Severn Trent Water, the UK’s second largest water company, has been referred to the Information Commissioner’s Office (ICO) by Fish Legal for refusing to disclose information about operations at its Worcester sewage treatment works.
The water company has a permit to discharge both ‘storm’ sewage and treated sewage into the River Severn at Diglis, in Worcester city centre. The ICO has been asked by Fish Legal to consider whether the utility giant has acted lawfully in rejecting requests for details about these sewage discharges and the works’ maintenance programme in 2022. Severn Trent Water is required to keep maintenance records to demonstrate compliance with its discharge consent and that they are operating the works in a manner that minimises the polluting effects into the river. Severn Trent has argued, however that such records do not constitute environmental information.
In 2021, the works spilled ‘storm’ sewage 81 times for a total of 1051 hours into the Severn. Unusually high levels of phosphate have been recorded by Worcester Angling Society just downstream of the works since members started taking water samples in July 2021. That work led to a pilot project being set up by the Angling Trust for the River Severn catchment which was later rolled out nationally as the Angling Trust Water Quality Monitoring Network.
Penelope Gane, Head of Practice at Fish Legal, said: “In 2015, we won a long legal battle against the ICO, United Utilities, Yorkshire Water and the Government that made privatised water companies subject to Environmental Information Regulations. The lasting legacy of this landmark case is that any member of the public can ask for environmental information directly from privatised water companies operating in England and Wales and they are under a legal duty to supply it, except in very limited circumstances.”
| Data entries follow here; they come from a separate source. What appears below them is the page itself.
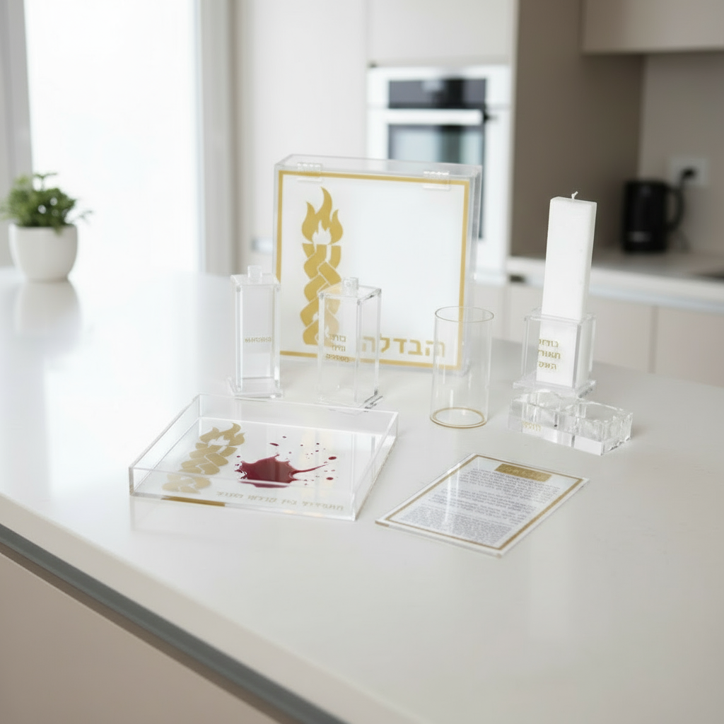 Set includes a box with Havdalah plate and cup, candle, candle holder, besomim holder, match holder tealight holder, and Havdalah card.
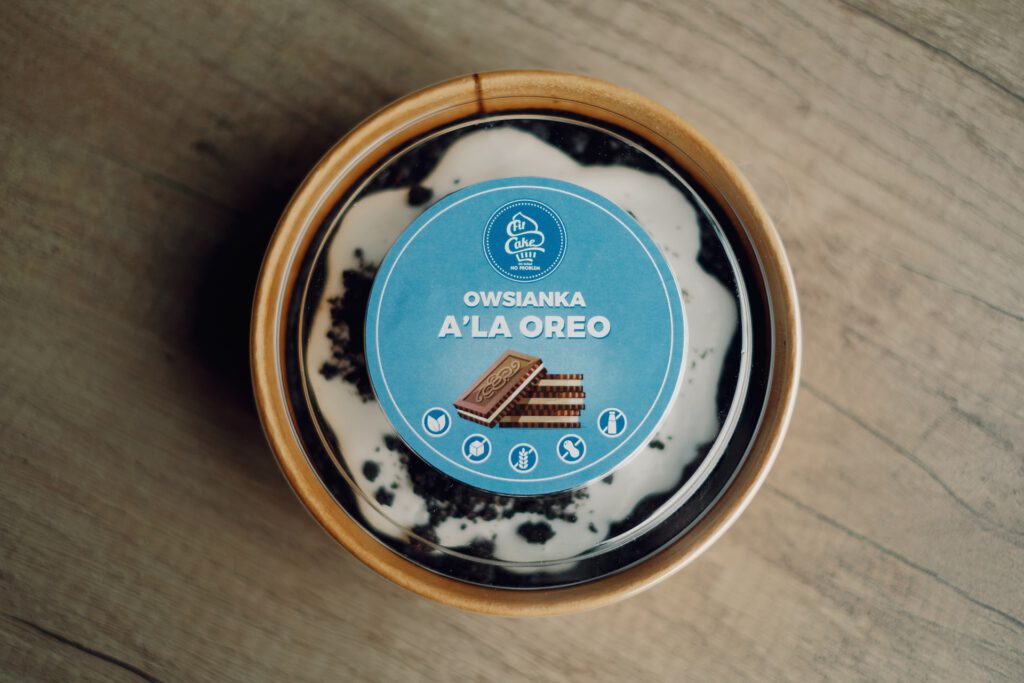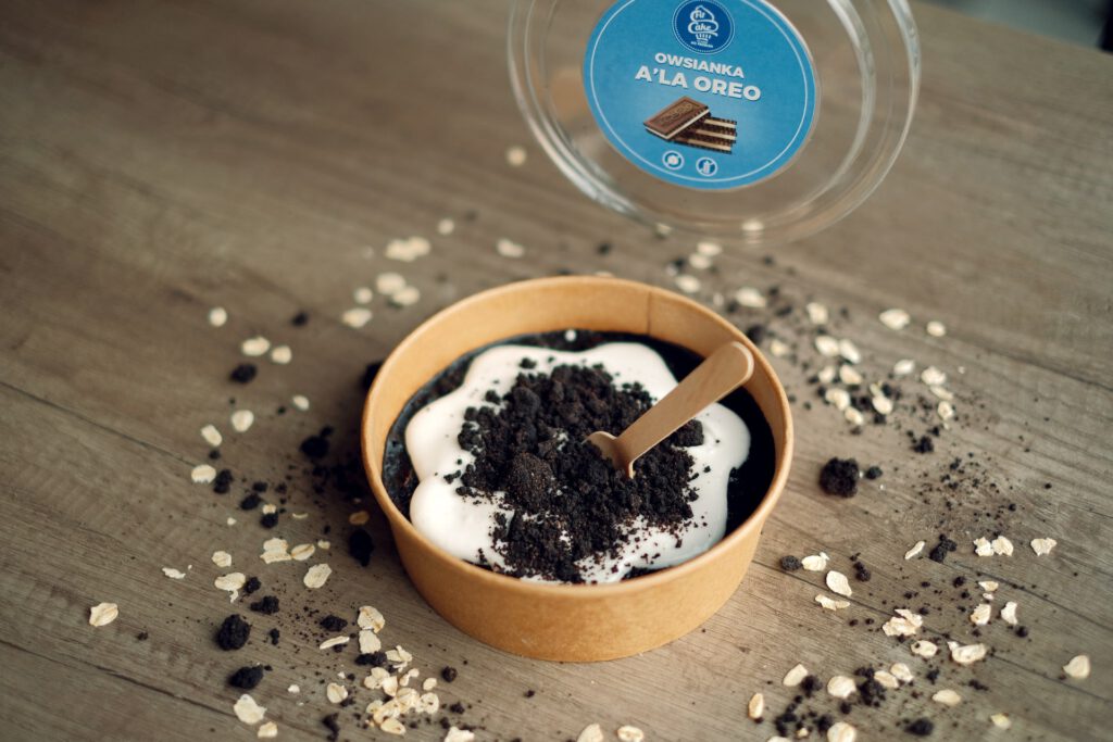 Haferflocken, Molkenproteinkonzentrat, Kokosmilch, schwarzer Kakao, zerstoßene Kekse*, Kakao, Johannisbrot, Erythrol, Agar, Himalayasalz.
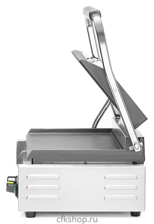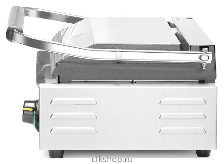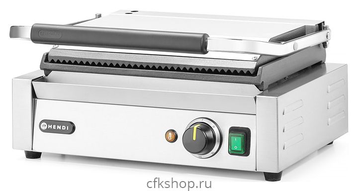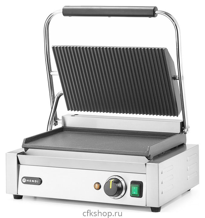 Контактный гриль HENDI Panini 263662 предназначен для жарки мяса, птицы, рыбы, овощей, а также для приготовления стейков, сосисок, гамбургеров и горячих сэндвичей на предприятиях общественного питания и торговли. Модель оснащена термостатом, электромеханической панелью управления, сетевым выключателем со встроенным индикатором, индикатором предварительного нагрева и кабелем питания с заземленной вилкой. Корпус выполнен из нержавеющей стали 18/10, ручки - из термостойкого материала, жарочные поверхности - из чугуна и имеют эмалированное покрытие.
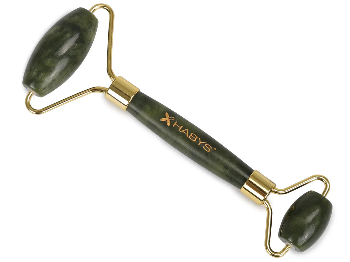 Roller van natuurlijk jadeïet met metalen details in goudlook. Een stille, zachte werking en de subtiele gravure „Habys“ benadrukken de esthetiek en kwaliteit van het product.
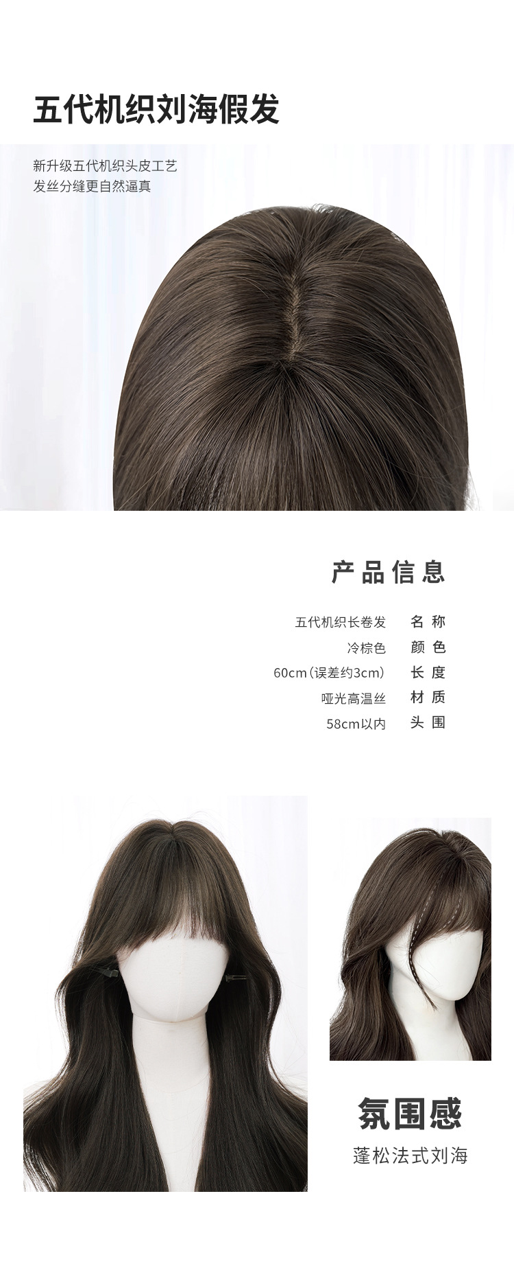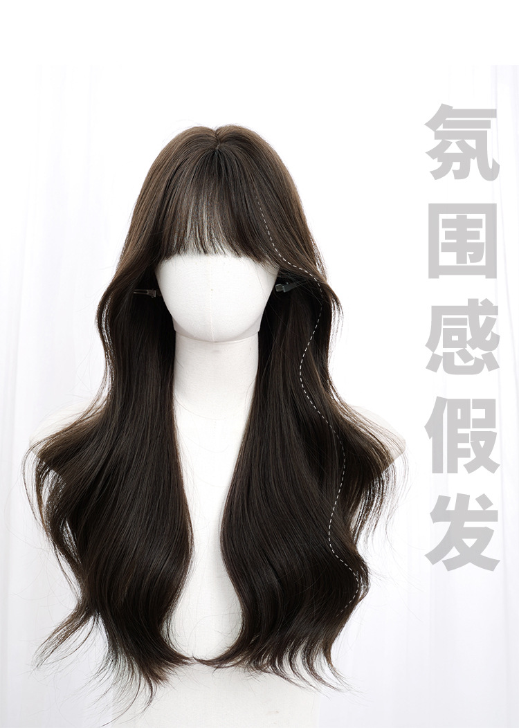 Осенний парик для женщин, оптовая продажа, кросс-бордерный, длинные кудрявые волосы, натуральные большие волны, челка, полный парик

She added: “Since that ruling, some water companies have been as creative as possible to avoid their legal duties. It’s almost as if they have something to hide. But we are prepared to challenge them because the public right to access information has been critical in exposing poor and potentially illegal activity in the water industry.”
Glyn Marshall, the Chairman of Worcester Angling Society, said “I was fishing the Lower Severn downstream of the treatment works after a flood in Spring 2021. I noticed that there were pant liners and other debris trapped in the bankside vegetation. I came home and decided to do something about it. Catches on our club water below the works had been fluctuating for several years. I did not want my local River Severn to follow the demise of the River Wye so I personally started monitoring the river. The results were shocking, off the scale of my phosphate meter and the levels were high below the works. The Angling Trust Water Quality Monitoring Network was set up as a pilot on the River Severn based on the work I was doing.”